To confirm the polarity for the remaining filaments, a multi-reference-based approach, as previously described41, was employed, using two microtubules from the previous alignment as reference where the pseudohelical pattern was clearly visible in 3D. Subsequently, 8,903 particles from 28 filaments were aligned and averaged at bin4, followed by splitting the dataset into two halfsets and final refinement at bin2. Based on this structural information, filaments were oversampled again to focus alignment on the tubulin subunits. A tubular grid was sampled with a diameter of 18 nm, and distances of 5 nm along the x axis and 4 nm along the z axis were oversampled 4×, resulting in 108,372 particles from 28 filaments. Particles were extracted at bin4, and alignment was performed while limiting the shifts to 25 and 20 Å, respectively. Filaments for which a helical pattern did not emerge were removed, and distance cleaning was conducted for the remaining filaments, leading to 20,516 particles from 24 filaments, which were split into two halfsets and averaged at bin2. Particles were then reprocessed in Warp version 1.0.9 and aligned in RELION version 3.1 for one round at bin2 using a box size of 64 pixels. The resulting average was exported to M version 1.0.9 for one round of geometric multiparticle refinement. After removing duplicate particles from the previous step, a final refinement was performed in RELION version 3.1.

Statistics and reproducibility

For this study, four Serial Lift-Out experiments and one on-grid ‘waffle’ lamella-milling experiment were performed as indicated in the figure legends. Experiment 1 was a single-sided attachment run on a ‘waffle’ sample containing L1 larvae of C. elegans strain AM140. Experiment 2 was a double-sided attachment run on a ‘waffle’ sample containing L1 larvae of C. elegans strain NK2476. Experiment 3 was a double-sided attachment run on a ‘waffle’ sample containing L1 larvae of C. elegans strain NK2476. Experiment 4 was a single-sided attachment run on D. melanogaster egg chambers from a strain expressing endogenously tagged GFP–NUP358. Experiment 5 used an on-grid lamella, milled from a ‘waffle’ sample of L1 larvae from C. elegans strain AM140.

Statistical analysis of lamella thickness was exclusively performed for the three C. elegans Serial Lift-Out experiments (experiments 1–3), as all subsequent subtomogram analysis was based on the data collected during these experiments.
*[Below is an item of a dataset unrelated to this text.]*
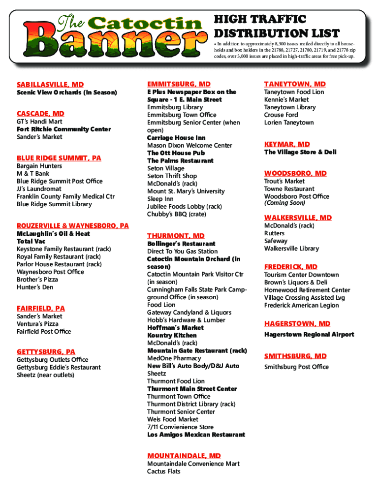 HIGH TRAFFIC DISTRIBUTION LIST In addition to approximately 8,300 issues mailed directly to all households and box holders in the 21788, 21727, 21780, 21719, and 21778 zip codes, over 3,000 issues

The Serial Lift-Out experiment performed on D. melanogaster egg chambers was included to show that the method can be applied to samples frozen directly in HPF carriers as well. The on-grid lamella was included to show the difference in sectioning geometry between lift-out and on-grid experiments.

Serial Lift-Out has been replicated in the Plitzko, Briggs and Baumeister departments of the Max Planck Institute of Biochemistry several tens of times with different users. Of these replicates, over 20 experiments have been performed with C. elegans. A broad range of other samples have been subjected to Serial Lift-Out, including moss, entire C. elegans worms at different developmental stages, D. melanogaster and other invertebrate tissues and adherent human cell lines. In these experiments, incomplete vitrification by HPF rather than lamella preparation was the limiting factor for the collection of tilt series. Double-sided attachment has primarily been used for these experiments, as it yielded more uniform lamella thicknesses.

Reporting summary

Further information on research design is available in the Nature Portfolio Reporting Summary linked to this article.